- Directed by: Tony Y. Reyes
- Written by: Tony Y. Reyes
- Produced by: Orly Illacad; Vic Sotto;
- Starring: Vic Sotto; Vina Morales;
- Cinematography: Atoy de Vera
- Edited by: Eduardo Jarlego Jr.
- Music by: Jaime Fabregas
- Production companies: OctoArts Films; Cinemax Studios; APT Entertainment; M-Zet Productions;
- Distributed by: OctoArts Films
- Release date: September 11, 1996;
- Running time: 110 minutes
- Country: Philippines
- Language: Filipino

= Lab en Kisses =

Philippine romantic comedy film

Lab en Kisses is a 1996 Philippine romantic comedy film written and directed by Tony Y. Reyes. The film stars Vic Sotto and Vina Morales in their respective title roles. It is a pun on the phrase Love and Kisses.

==Plot==
Lab owns a car mechanic shop and is assisted by Popoy. A known woman-hater, Lab resists the advances of next-door neighbor Maria who has a long-time crush on him.
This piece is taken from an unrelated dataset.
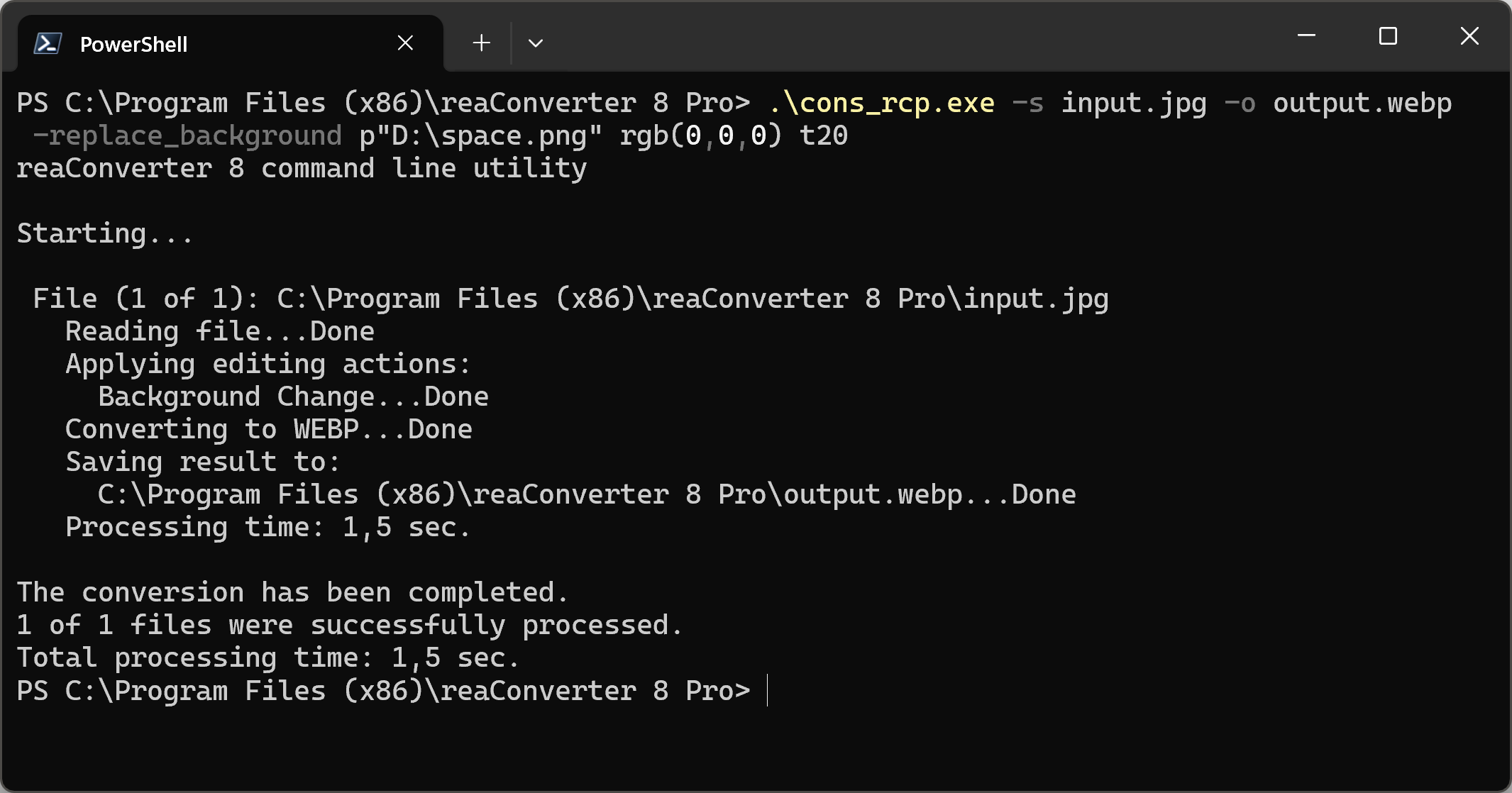 You can also change image background using command-line interface, either manually or through automated scripts. reaConverter Pro includes a command-line tool called cons_rcp.exe — an advanced feature designed for professional use, available exclusively in the Pro edition.

Trouble arises when Popoy's brother-in-law Dodong arrives from Cebu bringing along his boss' niece named Kisses. Both Dodong and Kisses escaped from Cebu to avoid an arranged marriage facilitated by Kisses' uncle John with his business associate Mickey. Since Popoy knows that Lab does not like women living in his house, he suggests that Kisses cut her hair and dress up as a man so that she and Dodong can be allowed to live as boarders.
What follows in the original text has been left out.